Leslie Marmon Silko’s Ceremony is a novel about a young man named Tayo who returns to the Laguna Reservation, probably in 1948, after horrifying experiences on the Pacific front in World War II and an unspecified period of time in a Veteran’s Administration hospital in California. He comes home a psychological mess after being released from a prisoner of war camp, probably in the Philippines. In one sense, Tayo’s story is straightforward enough. A man grows from confusion to clarity, from being lost to being found, from being muddleheaded to being clearheaded, from being alone to getting connected, from feeling afraid to feeling confident, from thinking of himself as a villain to realizing that he may just be a hero. Why, then, do so many first-time readers of Ceremony get so confused by this narrative? The central reason is that most of the novel takes place in the consciousness of Tayo, who, for the first hundred or so pages, has no idea who he is or where he is going.

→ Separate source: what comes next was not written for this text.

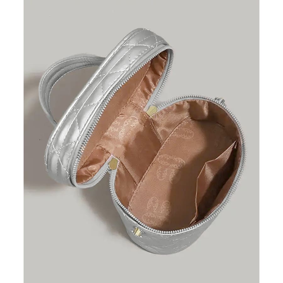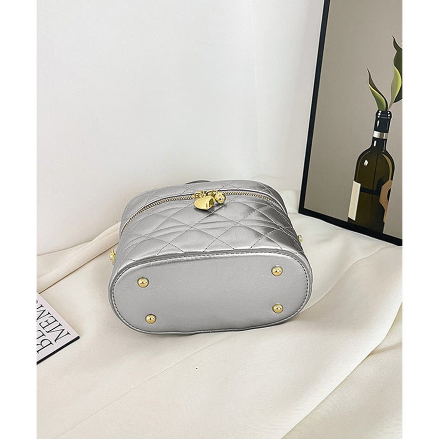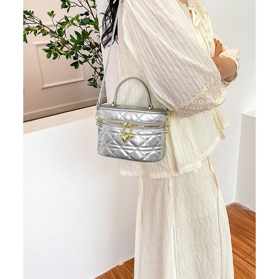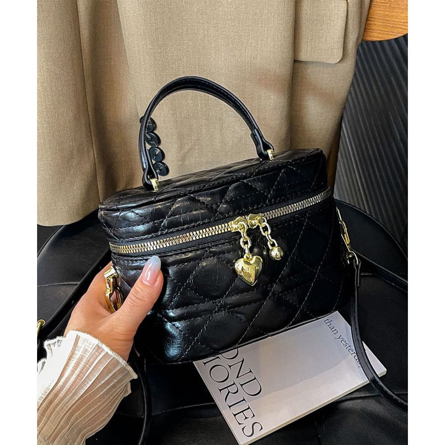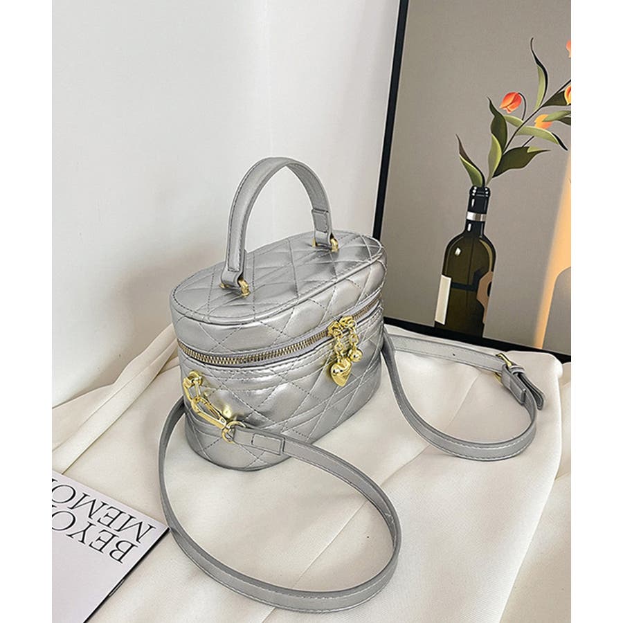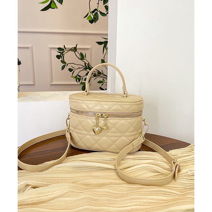 全体にキルティング加工が施され、ゴールドの金具とハートのチャームがアクセントに

Part of Tayo’s problem is that he cannot sort things out properly; part of his madness is that he cannot distinguish past from present. And just as his mind is a jumble of events, the opening of the novel portrays unsorted, jumbled events. On the second page of the novel Tayo speaks of the tangle of events and memories in his mind:
The memories were tangled with the present, tangled up like colored threads from old Grandma’s wicker sewing basket when he was a child, and he had carried them outside to play and they had spilled out of his arms into the summer weeds and rolled away in all directions, and then he had hurried to pick them up before Auntie found him. He could feel it inside his skull, the tension of little threads being pulled and how it was with tangled things, things tied together, and as he tried to pull them apart and rewind them into their places, they snagged and tangled even more.